Charlie Smarts: We Had A Good Thing Going
M.E.C.C.A. Records, Jan. 20
Though it’s probably best known for unleashing Rapsody on the world, Raleigh’s Kooley High, through lineup changes and cross-country moves, has been a consistent fixture in North Carolina hip-hop for more than a decade. It’s built its rep on clever wordplay, immersive production, and the vocal interplay of emcees Tab-One and Charlie Smarts. Tab slings verbal acrobatics and head-spinning rhyme schemes; Charlie brings finesse and emotion.
But with so much of Kooley High’s acclaim coming from the group dynamics, it’s easy for individual strengths to get lost in the mix. That’s why Charlie Smarts’ debut full-length record, We Had a Good Thing Going, is a strong statement.

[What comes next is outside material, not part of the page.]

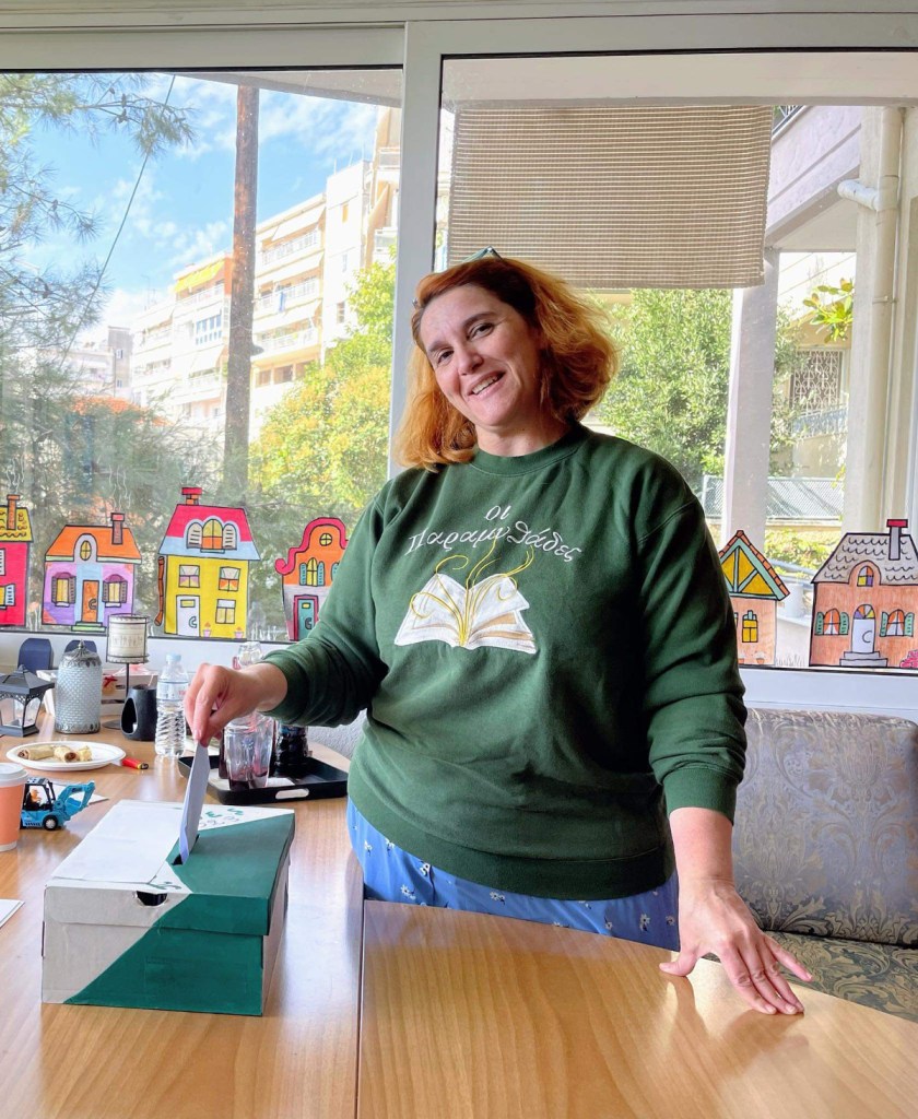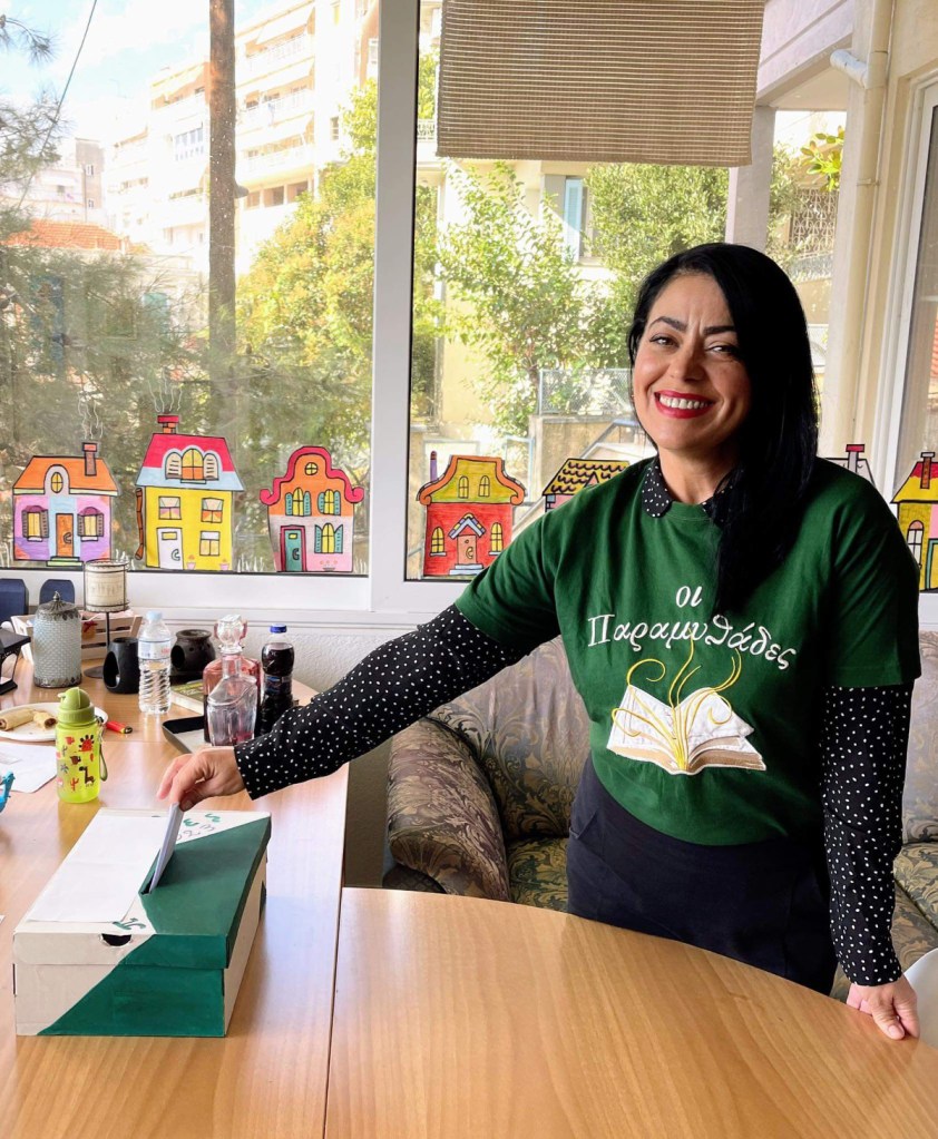 Λοιπόν, θα πάμε και στην κύρια Κατερίνα, την κυρία που αγαπάει τα βιβλία. Σίγουρα θα θέλει να είναι κοντά μας σε αυτό το σχέδιο,

It’s a self-aware release that posits Smarts as a vulnerable yet confident artist who’s ready to forge new paths.
On album opener “My Love,” Smarts sets the tone by parading his love for Kooley High and Inflowential while projecting greater heights to come. “Shit changed, it don’t matter to me,” he nonchalantly spits atop a sparse beat, and turbulent change is a motif that plays out across the album.

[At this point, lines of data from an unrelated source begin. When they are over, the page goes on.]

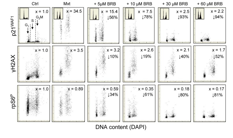 Fig. 3 illustrates the effect of BRB on expression of p21WAF1, γH2AX and ribosomal protein (rpS6) phosphorylated on Ser235/236 (rpS6P) in A549 cells, detected by phospho-specific Ab, induced to senescence by treatment with Mxt for 5 days. The Mxt-induced senescence of these cells manifests in dramatic increase in expression of p21 (34.5-fold), which is more pronounced than after 3 days of treatment with Mxt (Fig. 1). However, the increase in expression of p21 is markedly reduced in cells treated with Mxt in the presence of BRB and the reduction is BRB-dose dependent, starting with 56% at 5 μM and decreasing by 94% at 60 μM concentration. The induction of p21 by Mxt is paralleled by cell arrest in G1 and G2M phases of the cell cycle, and the arrest in G2M is to some extent reduced at 5 and 10 μM BRB (top panels, insets). The Mxt-induced senescence is also marked by 3.5-fold rise in expression of γH2AX and this rise is also attenuated, in a concentration-dependent fashion, by BRB, varying from 10% to 52% at 5 to 60 μM concentration of this isoquinoline. Phosphorylation of rpS6 on Ser235/236 is reduced by 11% in cells induced to senescence by Mxt alone. However, there is a dramatic further reduction in expression of this phosphorylated protein in cells growing in the presence of Mxt and BRB compared with Mxt alone, also in the dose-dependent mode, from 34% at 5 μM, to as much as 81% at 60 μM BRB concentration.
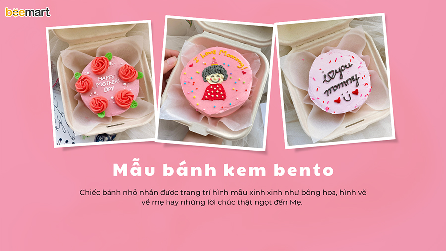 Một sự lựa chọn dành cho các bạn nhỏ muốn dành tặng mẹ món quà xinh xinh nhân ngày của Mẹ. Một chiếc bánh kem bento được tạo hình kute như trang trí hình mẹ, hình gia đình, hình bông hoa hay viết thêm vài dòng chữ tình cảm gửi tới mẹ. Chiếc bánh kem bento tạo hình đơn giản là sự lựa chọn đáng yêu dành cho Mẹ. Bee có gợi ý một vài mẫu câu đơn giản, một vài lời chút tình cảm giúp bạn có món quà ý nghĩa gửi tới Mẹ đó.
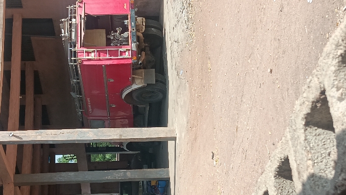 - "This image, taken in Langtang, Nigeria, depicts a red fire truck partially parked under an open-sided, wooden-beamed structure" by FM-6rqTj2, licensed under CC BY 4.0
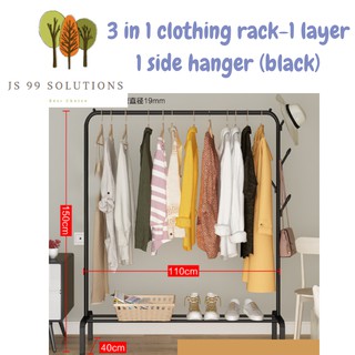 150cm Black Clothes Rack 3 Layer Stroage Hange Organizer Rack Pole Garment Cloth Rak Baju Pakaian Hanging Like Ikea Iag Shopee Malaysia
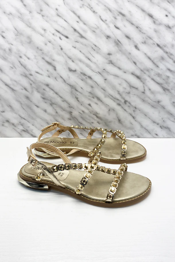 Sandali bassi in eco pelle laminata con borchie metalliche, fibbia di regolazione alla caviglia, suola imbottita con inserto logato in pelle, fondo borchiato in gomma con inserto a specchio
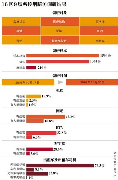 10月17日至11月30日,市爱卫办委托第三方专业调研公司,对16个区的政府机关、医疗机构、写字楼、旅馆、餐馆、KTV、网吧、长途汽车站、出租车等9类场所进行了暗访调研。调研共收集了1564份样本,其中机构样本1354份,出租车210份。
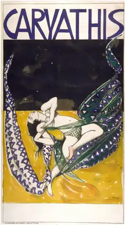 The June 14, 1921 premiere of Caryathis' one-woman show at the Colisée was well received. One critic noted of her work on La Belle, "It seems that what unfolds before our eyes is not ballet, but one of the nightmarish visions of Baudelaire or Edgar Allan Poe."[25] In July 1921 the program moved to Paul Poiret's fashionable garden theatre L'Oasis, where Satie made a single guest appearance conducting his music.[26] He had not led an orchestra since his early days at Le Chat Noir and appeared to be nervous; by the end of the performance, which lasted no more than 15 minutes, he was drenched with sweat. He never conducted again.[27]

We Had a Good Thing Going is an aural representation of an artist at an intersection. On “Middle of the Road,” Smarts weighs his need for constant improvement with feelings of inertia in life. “Penthouse” takes a longer view on coming “a long way from mama’s basement” to his aspiration of “living in the sky.”

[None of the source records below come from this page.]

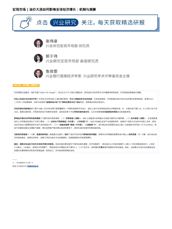 【兴业研究】【202603】油价大涨如何影响全球经济增长:机制与测算-4页 证券期货研究报告
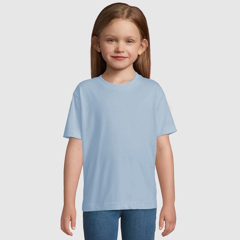 T-skjorte til barn i mange ulike farger. Stoffet er produsert av 100% ÖKO-TEX sertifisert bomull. Størrelsesguide: M=2år (86-94cm), L=4år (96-104cm), XL=6år (106-116cm), 2XL=8år (118-128cm), 3XL=10år (130-140cm), 4XL=12år (142-152cm).
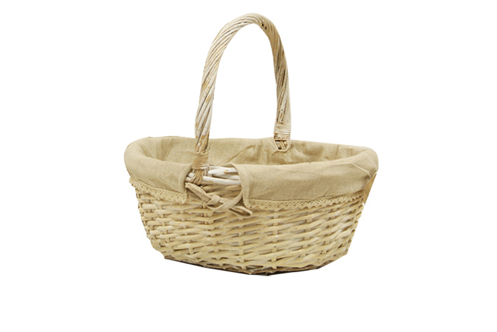 Cesta ovalada hecha de mimbre blanco con el interior forrado con tela blanca con puntilla.
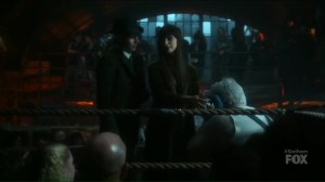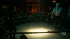 So the ladies must put up their best fighter to go against Grundy. In the ring, Nygma again puts on his Penguin impersonation and tells the crowd that tonight is a special match. The winner gets him. So it’s Solomon Grundy versus Tabitha, who, despite her clear hesitation, is confident that Butch won’t hurt her.
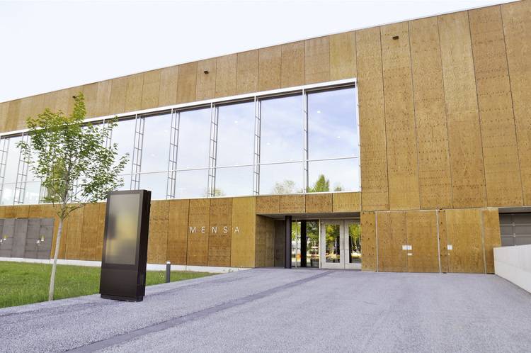 Mensa Garching mit Holz-Glas-Fassade und Verbinder von Knapp
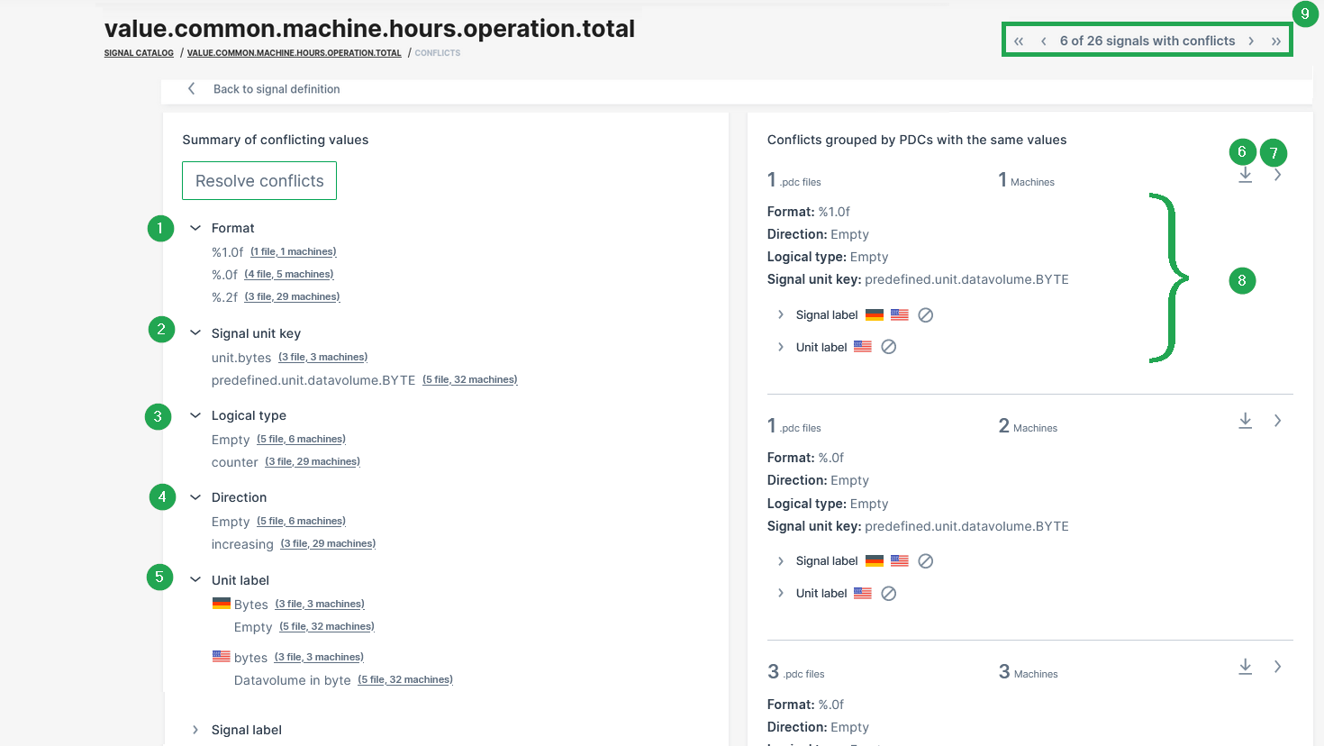 Figure 13: Conflict details # Item Description Summary of conflicting values 1 Format Maximum number of decimals is different across the PDCs. 2 Signal unit key The signal unit key is different across the PDCs. 3 Logical type There are 3 PDCs with no logical type defined. 4 Direction There are 5 PDCs with no direction defined. 5 Unit label There are 5 PDCs with not signal unit label defined and there is a variation with the spelling. Other conflicting values might be: Signal label There is a wrong unit label configured. Custom Units There is a conflicting custom unit. Resolve it by selecting one of the predefined units from the list of standard signals (not from PDC). Permissions The assigned access permissions for this signal are not aligned. Conflicts grouped by PDCs with the same values 6 Conflicts per PDC Summary of the conflict related parameters for the specific PDC file. 7 Download of PDC Option to download the affected PDC file in xml format. 8 Details See further version details of this PDC. 9 Navigation Navigation through all signals with a conflict. -

But “Penthouse,” like much of the album, is densely packed with societal as well as personal topics. Against lofty goals of luxury living, Smarts weighs concerns of consumerism and affordable housing, struggles with student loans, and hereditary alcoholism.
While the transparency draws you in, Smarts’ flow alone is enough to show how hungry he is. He brilliantly weaves extensive internal rhymes to create sonic tension, making his earworm hooks stand out even more. On lead single “Butter on My Biscuit,” he latches onto a rhyme scheme that spills across verses, using clever line breaks and near-rhymes to string it along.
We Had a Good Thing Going has all of the strengths you’d expect from Smarts’ work in groups: clever punch-lines, Southern swagger, and pop-culture references between memorable choruses. But his ability to pull back that playful curtain and let us peek into his desires and anxieties is what makes this such a rewarding solo effort.